IV. AI and Integration
The Jitterbit report ends with a truly eye-popping finding about the converges of AI and integration – what Jitterbit execs call ‘infusing’ AI into business processes, apps and analytics.
4 out 5 companies are currently using or plan to infuse artificial intelligence into their processes.
Companies believe that predictive analytics is the type of intelligence that would benefit them most by almost two-fold over other results. Even so, nearly half responded that they believed they would gain additional value from chatbots, virtual assistants and sentiment analysis. In the new global economy, it is perhaps not surprising that 1 in 3 suggested both written and verbal language translation would help them enter and support markets around the world.
“What really stuck out for us was that 4 out of 5 companies were currently leveraging AI -- or planning to this year,” Oxenburgh said. In specific, 35 percent of respondents now infuse AI into business processes and another 43 percent plan to do so in the next year, he told IDN.

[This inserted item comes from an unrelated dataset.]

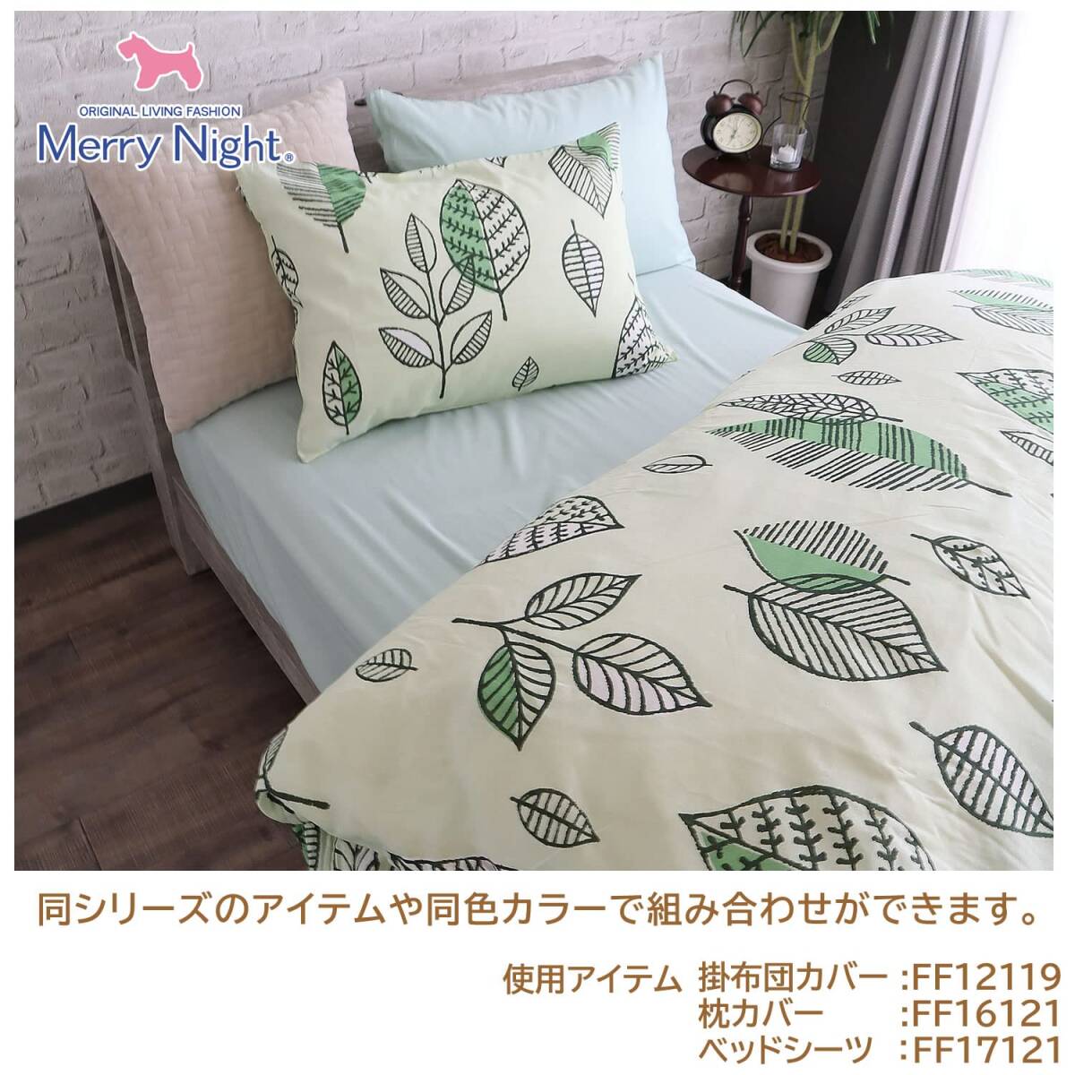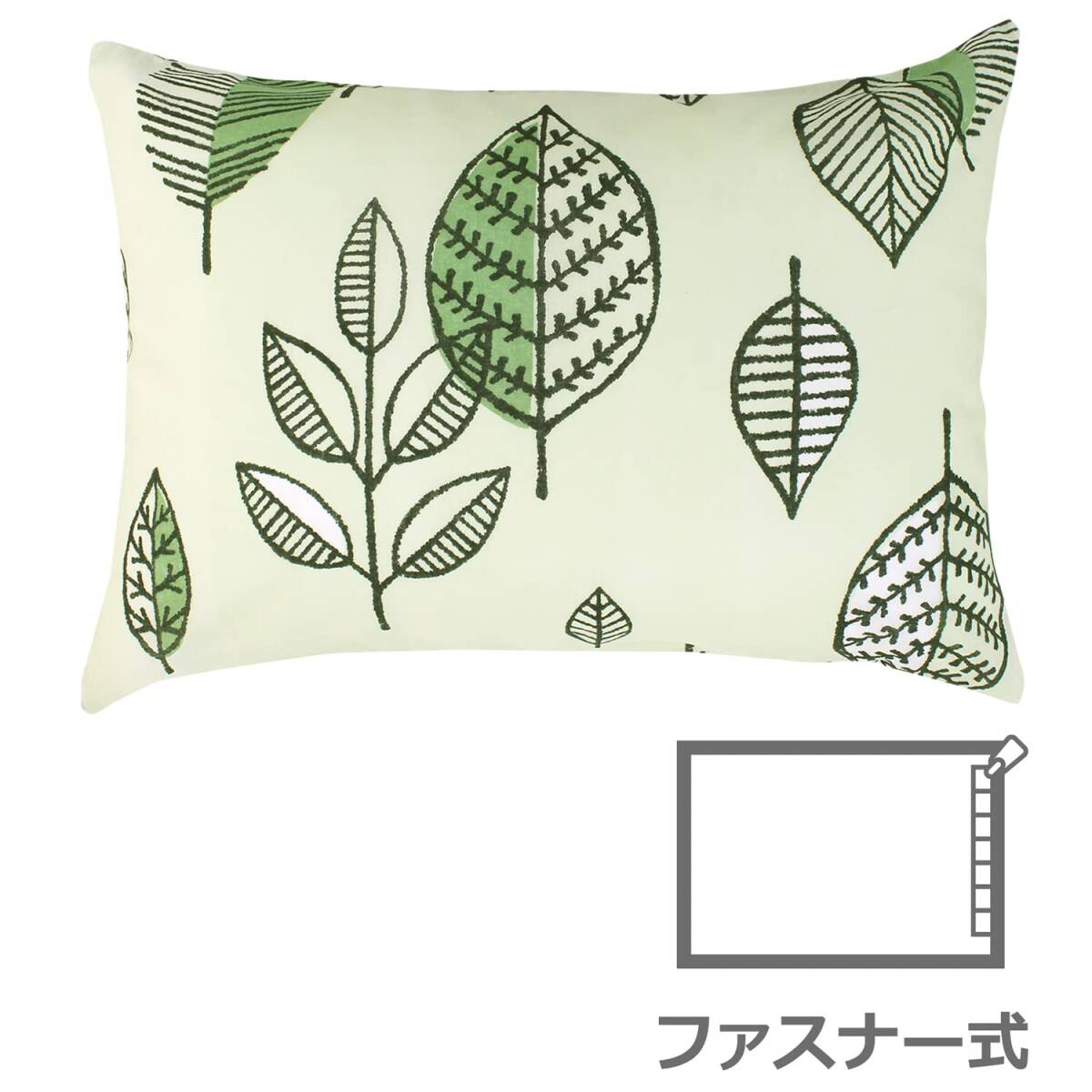 メリーナイト(Merry Night) 枕カバー 「ナチュラルリーフ」 グリーン 約43×63cm ファスナー式 まくらが入れやすい 綿100%

The number one sector was predictive analytics, he added. That said, chatbot, virtual assistants and even sentiment analysis also showed up on respondents’ radar as targets for AI, he added.
“We're starting a big push to work with AI vendors and to explain to them how they can use integration to infuse their version of AI into business processes behind the scenes,” Pell added. Integration is going to prove important to AI adoption, he said, “because people don't want to learn another 50 tools. But, they do want the goodness that you can have from AI [and AI tooling].”
This connection between and AI may not be obvious to most companies looking to adopt AI or machine learning – but the awakening is coming.
“The people who spend the most time thinking about AI at a deep level understand that delivering AI value quickly will turn out to be an integration problem. That’s because AI will not be stand-alone, AI will be fused into their important systems, whether it be Salesforce, HubSpot, Marketo to make these systems more intelligent,” Peel noted.
In fact, there’s recent research to support Peel’s observation.
He cited a recent Gartner study on machine learning asked some 700 IT professionals what they expect to focus on. Integration was one of the top ranked items. “Integration ranked almost double over the time people expect to spend on design or consulting. That’s exciting,” Peel said.